TAB, CR, LF and other troublesome characters are not encoded
Literal % is written to an INFO field by at least one existing SV caller

Recommended solution:

Reference RFC1738 when referring to "URL encoding"
- the following characters MUST be encoded CR LF TAB % : ; (and U+0000-U+001F if disallowed)
- Optional: require = also be encoded (slightly simpler parsing since INFO can then be split on =)
- U+0100 and above MUST NOT be encoded (since they cannot encoded in 2 hex digits).
Implementations SHOULD treat a % not followed by 2 hex digits as a literal %

contig name

<DEL> is a valid contig name
DEL is a valid ID String (which causes issues for SVs such as "A[<DEL>[" )

Recommended solution:

Valid characters should use the SAM regex of "[!-)+-<>-~][!-~]*" but restricted the following additional characters "<>[]:"
contigs names MUST NOT use a reserved symbolic alternate allele name

end of record/file

should there be a line separator at end of file?
should there be a TAB after the last record in each line?

Recommended solution:

A TAB SHOULD NOT be written after after the last record in each line.
Implementations SHOULD write a line separator after each line
Implementation MUST consider a line separator at end of file optional (including for VCFs with 0 records)

"String"

Characters allowed in a "String" field should be defined / disallowed list is not exhaustive

Recommended solution:

Regex for each field and global list of reserved characters

Float parsing

Is scientific notation allowed?
What locale should float/int <-> string parsing be performed in

Recommended solution:

All integer values are of the form "\-?[0-9]+?"
All Numeric/Floating point values are of the form "\-?[0-9]+(\.[0-9]+)?"

Misc

Section 1.4.1.8 (Data lines, Fixed fields, INFO) does not list reserved SV fields -> add reference to
Official 'Description' text for sepc-defined fields not set -> add official section/example containing all headers defined by the specs (inc INFO SV headers)

The text was updated successfully, but these errors were encountered:

pd3 · 2015-06-10T16:22:55Z

This is excellent Daniel, thank you.
+1 from me.

jmarshall · 2015-06-11T17:09:11Z

should there be a TAB after the last record in each line?

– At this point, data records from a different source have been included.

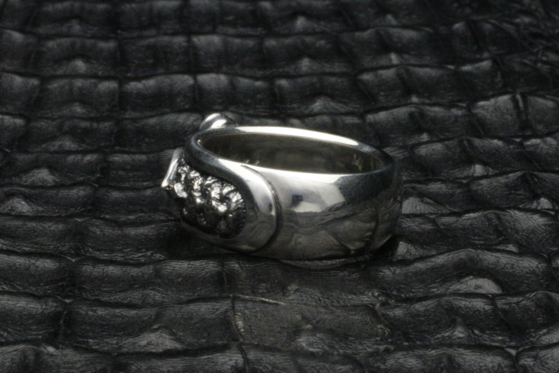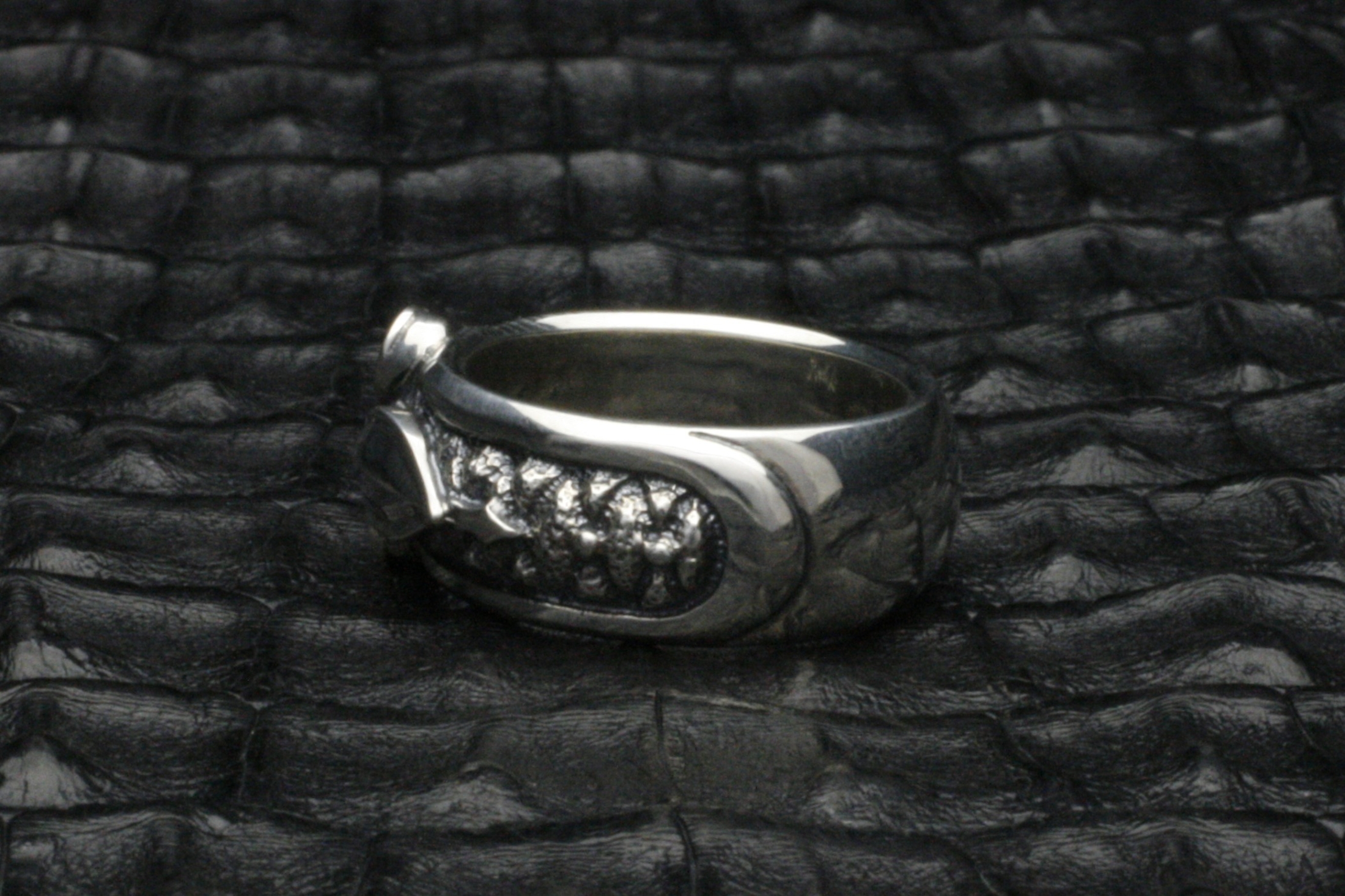 に合わせ、燻し仕上げにしている。その周りの縁部分は鏡面に仕上げ、コント
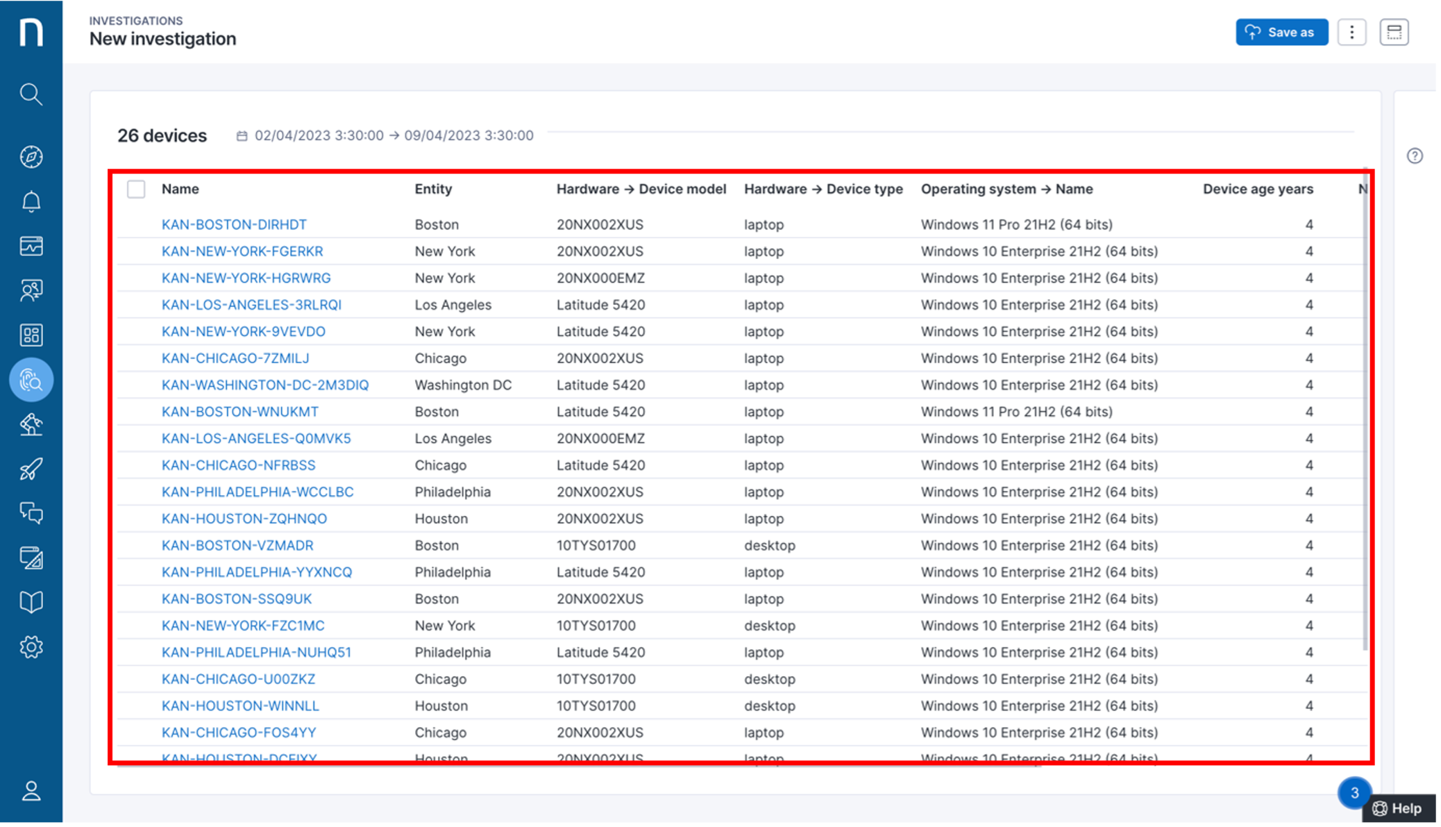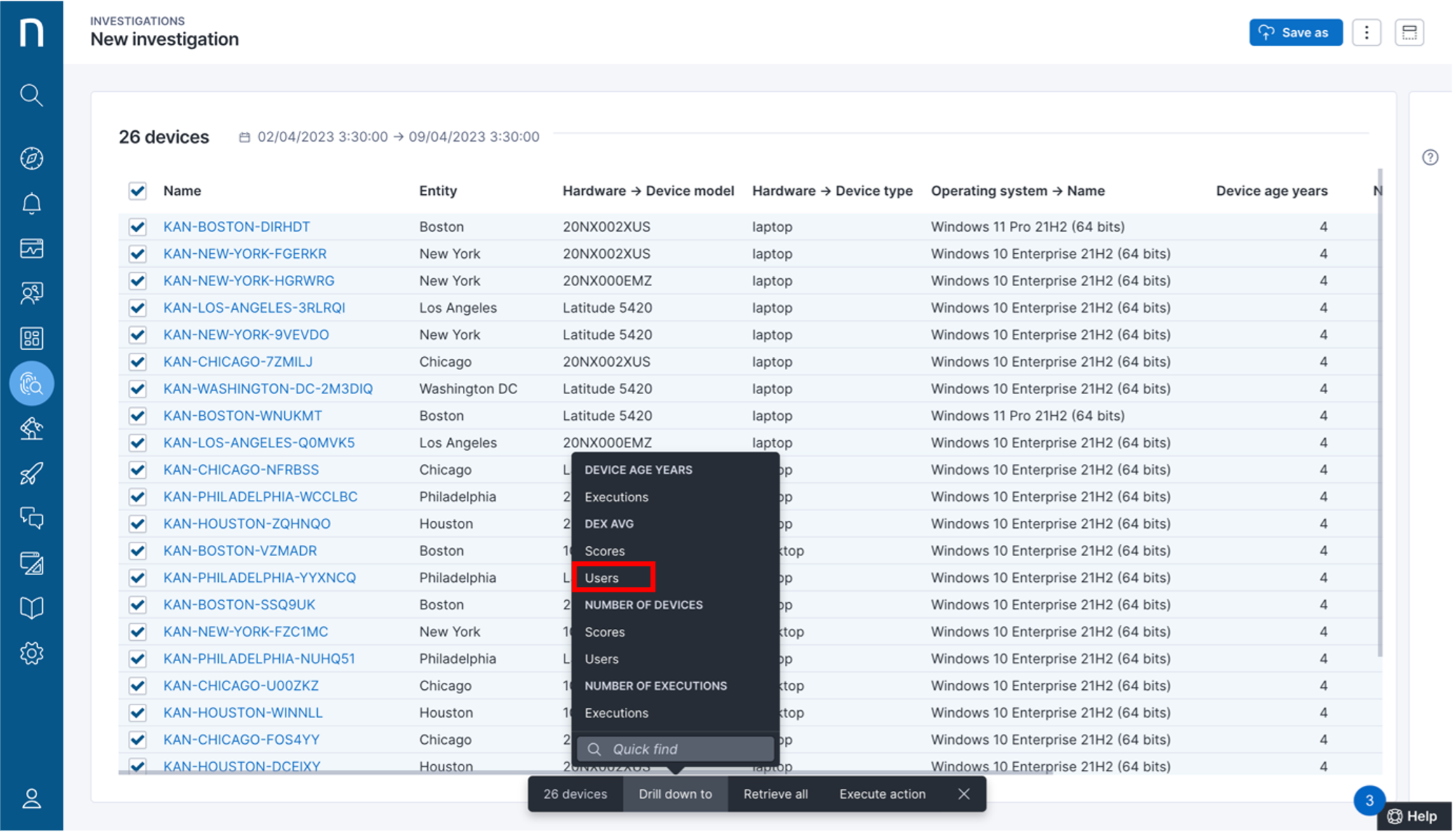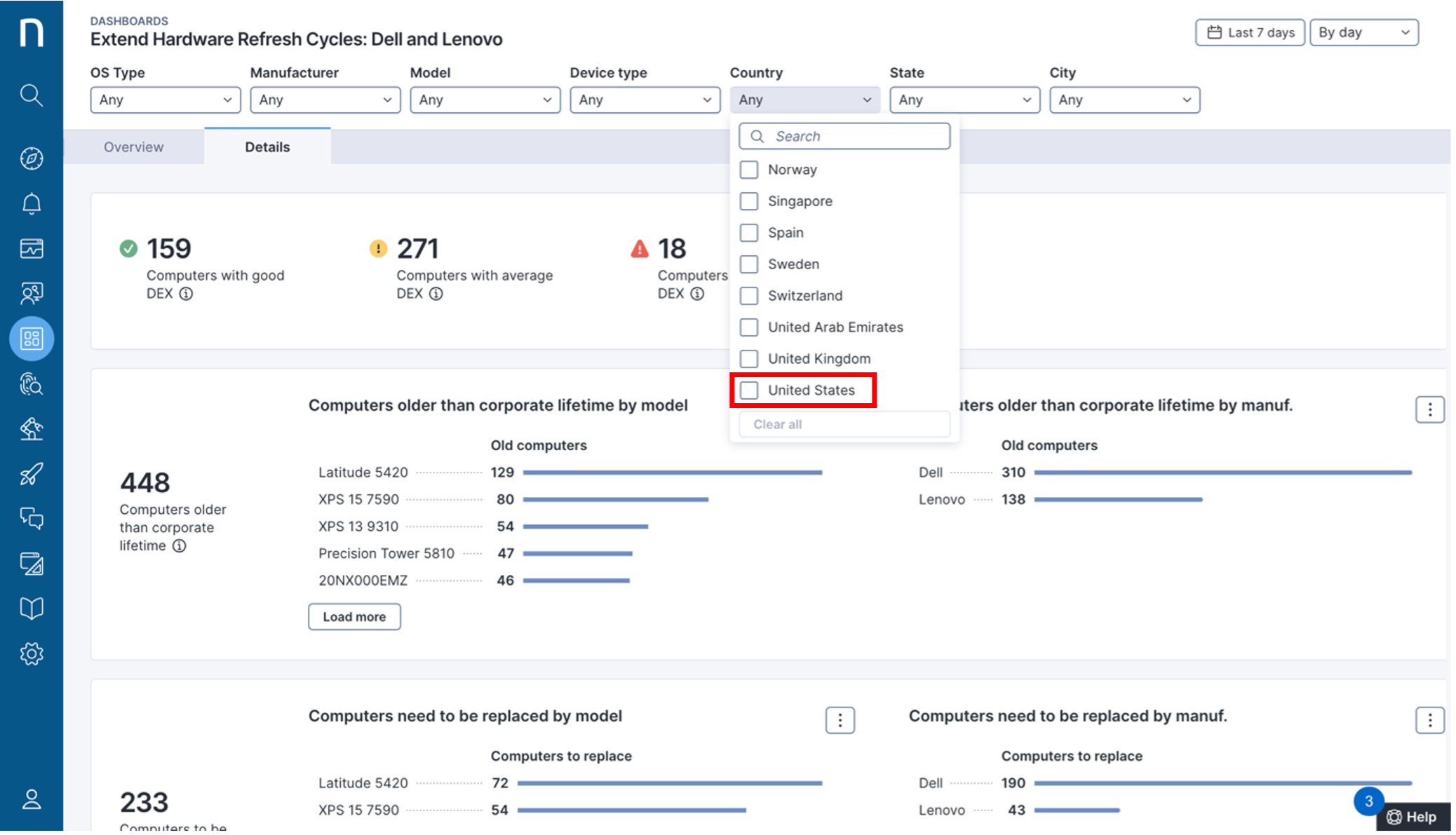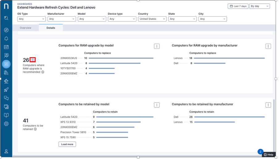 Step 4 : This live dashboard, like all Nexthink dashboards, is easy to use with a range of filters to analyze data granulally. This dashboard is out of the box and can be configured as needed. In this view, you can see different categories of devices for which replacement, retention or upgrade is recommended.
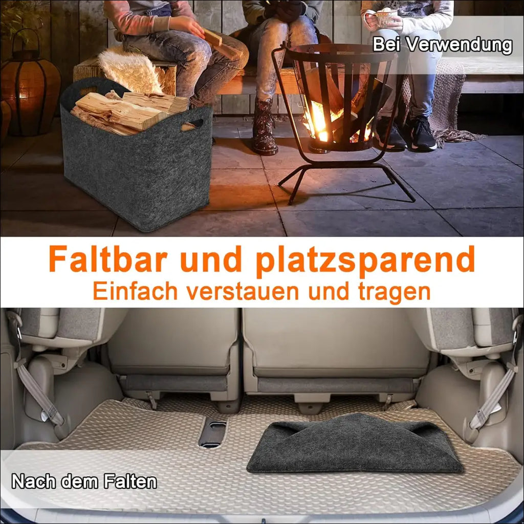 2 veltinio židinio malkų maišai - matmenys: 55 x 30 x 40 cm, veltinio medžiagos storis yra apie 5,0 mm, o siūlės sutvirtintos, veltinio maišas yra labai tvirtas ir patvarus, gali atlaikyti maksimalią 60 kg apkrovą. Sulankstomas malkų krepšys – malkų krepšį galima sulankstyti, kad būtų sutaupyta vietos. Kai nenaudojamas, jį lengva laikyti ir transportuoti. Veltinis pirkinių krepšys taip pat gali būti naudojamas kaip dovanų krepšelis arba maišelis grąžinamiems buteliams. “Garten Living”; Siuntimo pakuotė gali būti ne originali, prekė siunčiama pilnai arba dalinai surinkta; |
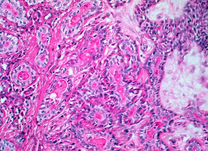 Epitheliale Gangstrukturen ausgekleidet lumenwärts von einem einschichtigen kubischen Epithel und einer äusseren Myoepithelschicht. Die Myoepithelien bilden stellenweise solide $o{qy8062494Myoepithelien} Zellmassen. Wenig mukoides Stroma. Die Drüsen sind ausgekleidet von kubischem Epithel und enthalten homogene hyaline Massen.
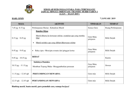 JADUAL MINGGU ORIENTASI / TRANSISI MURID TAHUN 1
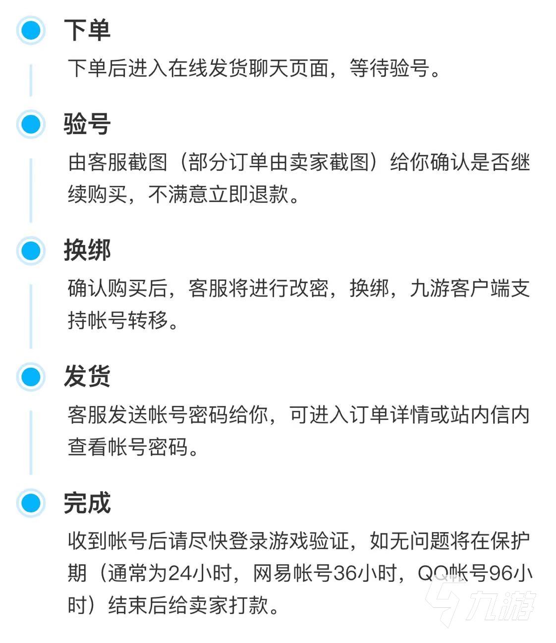交易貓平臺的購買流程,非常的簡單快捷。玩家們在看到心儀賬號的時候,就可以馬上下單了,下單后有專屬客服等待在線發(fā)貨。客服直接登錄售賣的賬號,給買家截圖賬號的具體情況,保證號源與描述的真實性,換綁后還有一段時間的保護期,結(jié)束后會給賣家打款。
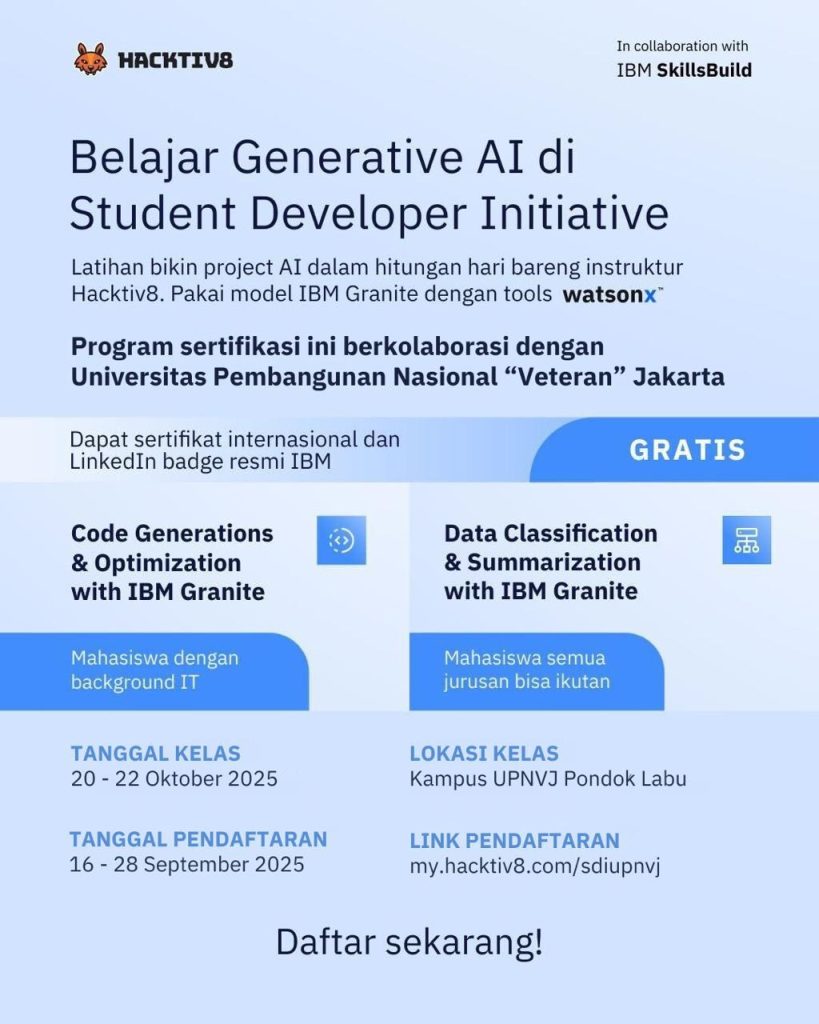 Mahasiswa UPNVJ, Ikuti belajar AI di Student Developer Initiative bersama HACKTIV8
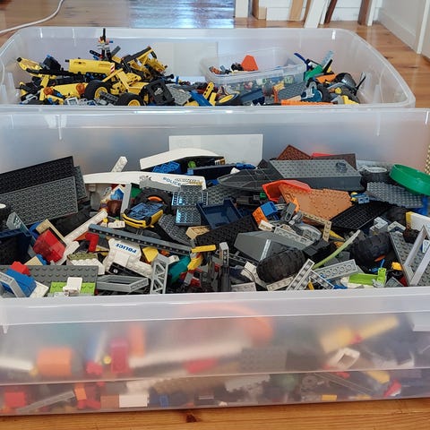 2 laatikollista pikku legoja valmiina kasseissa

No, and this is already mostly-adequately described: a final TAB in a line would introduce a final empty field, and those are disallowed by §1. This could be clarified by describing the lines as tab-separated rather than tab-delimited. So in §1.3 and §1.4.1:

-The header line is tab-delimited.
+The fields of the header line are separated by TAB characters.
@@ ...
-All data lines are tab-delimited.
+The fields of data lines are separated by TAB characters.

ghost · 2015-06-12T08:04:50Z

Float parsing

Is scientific notation allowed?

All Numeric/Floating point values are of the form "-?[0-9]+(.[0-9]+)?"

To me it doesn't seem necessary to limit a float to the regex above. AFAIK parsing scientific notation isn't a problem so either notation should be valid. Personally I'm thinking of VCF files generated by algorithms that may need to output several very small numbers (admittedly the preceding 0's would compress). What is the reasoning behind limiting floating point numbers to full notation?

pd3 · 2015-06-12T08:28:28Z

@drjsanger This escaped my attention, sorry. I also agree that it must be possible to express floating point numbers using the scientific notation, for example 1e-10 should be valid.
This regular expression should allow that '-?([0-9]+)?.?[0-9]*([eE][+-][0-9]+)?'. Note that by this we also disallow NaN, inf and similar.

jmarshall · 2015-06-12T08:50:28Z

Re float parsing, the regexp used in the SAM spec is [-+]?[0-9]*\.?[0-9]+([eE][-+]?[0-9]+)?, which better represents real-world desirable +/- usage. It's unclear to me why we would disallow NaNs and infinities though — they are explicitly valid in BCF.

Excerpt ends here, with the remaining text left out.